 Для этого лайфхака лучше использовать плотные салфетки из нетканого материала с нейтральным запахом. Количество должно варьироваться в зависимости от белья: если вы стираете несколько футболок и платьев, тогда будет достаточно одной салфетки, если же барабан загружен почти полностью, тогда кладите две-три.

...

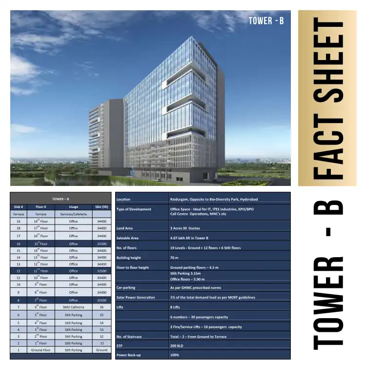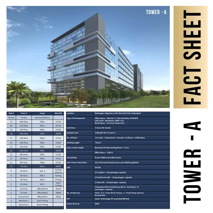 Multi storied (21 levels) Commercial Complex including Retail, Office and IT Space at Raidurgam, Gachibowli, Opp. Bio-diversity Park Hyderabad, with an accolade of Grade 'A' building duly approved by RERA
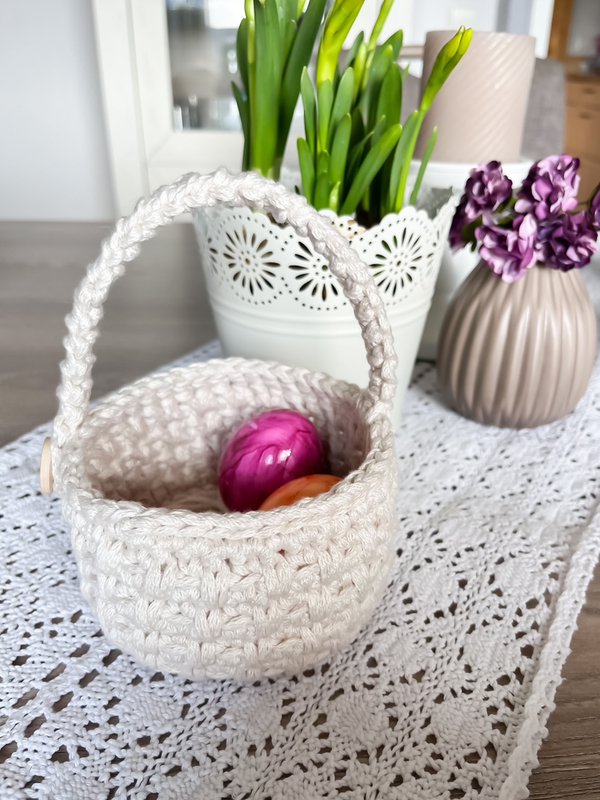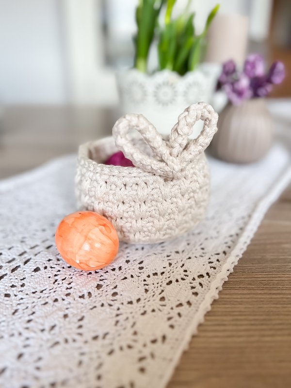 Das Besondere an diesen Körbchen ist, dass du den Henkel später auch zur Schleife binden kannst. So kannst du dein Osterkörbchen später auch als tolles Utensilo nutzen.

> **TASK STATEMENT**
Each line above starting at the one holding "Multi storied (21" and ending at the one holding "Das Besondere an" should be set down exactly as it stands, both ends included, with no pictures.

> **RESULT FOR THIS TASK**
 Multi storied (21 levels) Commercial Complex including Retail, Office and IT Space at Raidurgam, Gachibowli, Opp. Bio-diversity Park Hyderabad, with an accolade of Grade 'A' building duly approved by RERA
 Das Besondere an diesen Körbchen ist, dass du den Henkel später auch zur Schleife binden kannst. So kannst du dein Osterkörbchen später auch als tolles Utensilo nutzen.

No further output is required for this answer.